“You bet it would, Mr. Endor. Sir Josiah is not everybody’s pretty boy, but he carries weight in this city. He’s a very honest man and he’s dead against ‘graft.’ It seems to me, sir, strictly between ourselves”—Mr. Ambrose Furley had all the shrewd penetration of a true Blackhamptonian—“that the U. P. is playing things up so high that there’s a poss-i-bil-ity, so far as Sir Munt is concerned, that it may overreach itself if it doesn’t watch it.”
“Good news if it is so. Can you suggest a means, Mr. Furley, of taking advantage of the fact?”
“Well sir, let us get down to brass tacks. Sir Munt is a bit of a One. He can’t be hustled. He can’t be driven. But he can see as far through a brick wall as most people. And last evening, as he was leaving the Floral Hall after the Sacred Harmonic Society’s annual performance of the Golden Legend in the company of Alderman Kearsley, another old-fashioned blue, he was overheard to remark, ‘I’m sorry to say it, Kearsley, but I’m afraid there’s going to be awful graft at this election.’”
The Member agreed.
“Coming from a gentleman in Sir Munt’s position those words mean a great deal. He knows very well that the graft is on his own side. The U. P. is so slick nowadays that it is beginning to give the Old Man cold feet. There’s such a thing as being too clever in this world, Mr.

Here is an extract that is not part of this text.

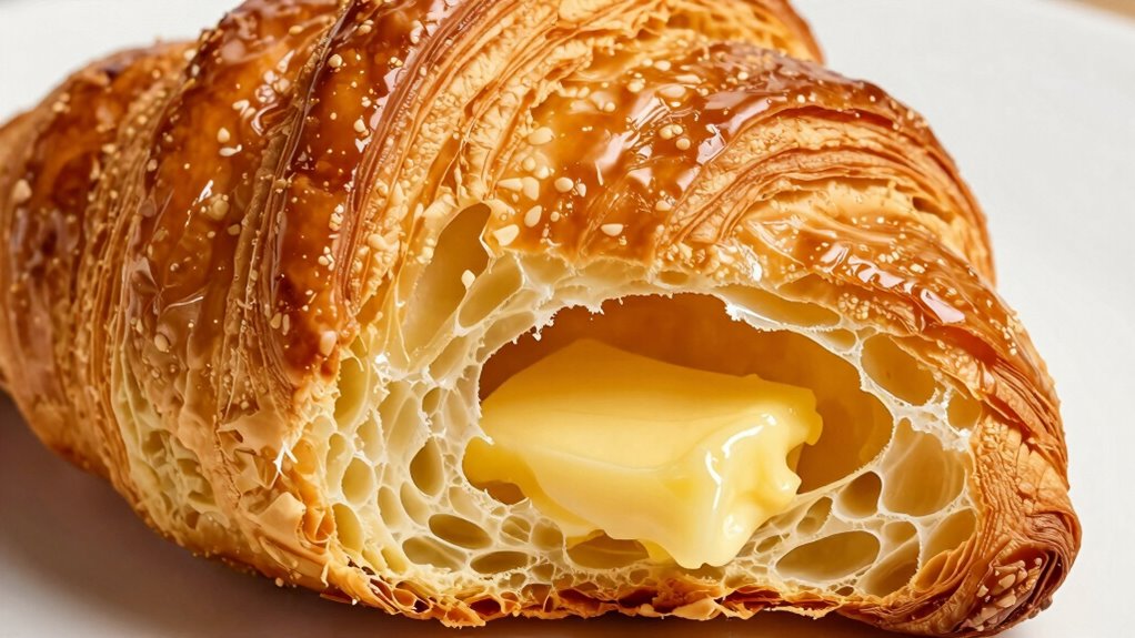 One of the most common pitfalls when making croissants is mishandling butter temperature, which can compromise lamination and texture. If the butter is too cold, it resists shaping, reducing dough elasticity and making layers difficult to create. Cold butter also dulls the butter flavor, resulting in a bland croissant. Conversely, if the butter is too warm, it becomes greasy and leaks out during rolling, ruining the lamination process. This affects not only the structure but also the overall butter flavor, making the croissant greasy rather than flaky. Proper butter temperature guarantees ideal dough elasticity and maintains the delicate balance needed for perfect lamination. Paying close attention to butter temperature is vital for achieving the desired texture, flavor, and flaky layers in your croissants.

Endor, and strictly between you and me, sir, the over cleverness of the other side is the only chance we’ve got.”
At this point Mr. Ambrose Furley paused dramatically to readjust the cord of his eyeglasses round his left ear. It was an infallible sign on his part of constructive thought. “Do you know, sir,” he said after a long moment of silence, “what I should do if I were you? It may be a little infra dignitatem, but I should take the earliest opportunity of stepping across the Market Place to the Mayor’s Parlor and having a little heart-to-heart talk with Sir Munt. It may be infra dignitatem, as I say, but if you put the case against the U. P. only half as well as you put it in Parliament the other day, you’ll lose nothing by it. Sir Munt is a patriot, an imperialist, a protectionist, and all that, but when it comes to a showdown he’s a man who knows how many beans make five.”
The Agent’s argument found prompt favor in the sight of John Endor. It came to him, in fact, rather in the light of an inspiration. A shrewd race these Blackhamptonians! There and then he decided to have an interview with the famous and admired Sir Josiah Munt.
XXXV
“SIR MUNT,” for the nth time Mayor of Blackhampton,[A] was in his parlor at the City Hall, gazing into the heavens. A contraption rather like a monstrous aluminum fish shining in the October air hung above Market Square. At regular intervals of a minute or so there came fluttering down from the huge object in the sky a rain of leaflets. These varied in color and they fell upon the heads of the citizens.
At last, yet not without effort of will, Sir Munt set a term to his entrancement. He went across to his writing table and pressed the bell once. A small imp in a very tight suit of buttons promptly answered the summons.